I assumed I’d have turnkey kids. In my mind, I was a turnkey kid. I survived the toddler stage, complied at school, and learned how to earn favor from decision-makers that nodded in approval when I was developing on par.
From my perspective, parenting didn’t seem tricky. As easy as 1-2-3.
1. You have the kids.
2. You love the kids.
3. You send the kids to school where they learn life and social skills.
This naivety followed me for an embarrassing number of years. I can do this, I thought. I can have kids, love them well, show them the ways of life, and essentially, teach them how to play the game.
Then I had kids.
You can imagine where this is going. It’s taken more blood, sweat, and tears than my parents let on. The favor I found was due to their persistent discipline and modeling. The game I thought I was playing was, in actuality, their strategic upper hand to reward hard work and respect. The independence I thought I had acquired on my own was their ploy to create a confident decision-maker. All this time, I thought I was in control.
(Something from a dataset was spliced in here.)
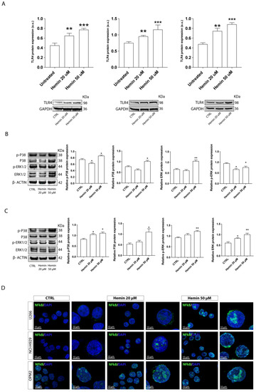 Hemin treatment increased TLR4 expression in myeloma cells. (A–C) Western blot analysis of TLR4 and MAP kinase P-38 and ERK1/2 expression after hemin treatment. GAPDH or β-actin proteins were used as total protein loading reference. For analysis, the optical density of the bands was measured using Scion Image software. (D) Immunofluorescence of Nrf2 (green) nuclear translocation after hemin treatment. Data are expressed as mean MFI ± SEM of n ≥ 4 biological replicates; * p < 0.05; ** p < 0.01; *** p < 0.001.

Have you ever watched the sport of curling during the Winter Olympics? It’s a team sport in which players slide stones on a sheet of ice toward a target area. They use special brooms to brush the ice around the stone so the friction melts the ice and influences the stone to slide in a certain direction. The curlers cannot touch the stone, but their calculated efforts persuade the stone to pivot ever so slightly toward the targeted area.
This, too, is motherhood.
My parents must have been sweeping their little hearts out to guide my stubborn attitude to a place of empathy and thoughtfulness. I am only 10 years deep into motherhood, and my arms are already weary from sweeping. But they are also stronger. I have a new sense of purpose as I take my parenting off autopilot and into manual mode.
During my early years of being a mom, I was still working full-time. I would visualize slaying a full-time career while not skipping a beat as a homemaker and present mother. Motherhood is messy. We won’t always get it right. We can get better though.
Once I decided to throw out my original 3-step parenting plan, a new framework emerged, one containing guardrails to ensure I guide my children on their own pathways of life.
First, I ask myself, what is the target area? It would be a shame to vicariously live through my children and steal their ability to blossom in unique ways. Sure, we have basic parental obligations to teach character and respect. But my end goal may be different than what they were designed to do or be. Before mapping out what you think they should achieve in order to have a good life, be open to pivots and new trails they may pave on their own.
Second, who is sweeping? In the sport of curling, there are four team members and only two brooms. They have to work together.
Much of parenting is teamwork.
And we must be selective of who is on the team. Our children are faced with dozens, if not hundreds, of influences a week. Protect your children from being swept in the wrong direction.
Third, it’s not a competition. It’s been said that comparison is the thief of joy. If we approach motherhood as a competition, we are teaching our children that their worth is wrapped up in how they make us look. This will lead to a lot of joylessness. Boiled down, social expectations are arbitrary, albeit hard. Lighten up on yourself, and when you feel like you are failing as a mother, adjust your perspective to see the tension as an opportunity to grow.
My mom made it look easy.
As a family, we didn’t always get things right. With her guidance, we accepted our imperfections and learned a great deal about compassion and forgiveness. To this day, I still practice this grace and extend it to myself often. You can too. If you, like me, approached motherhood with a tainted filter, you can pivot. You can fine-tune. You can recalibrate. It’s never too late to do the right thing.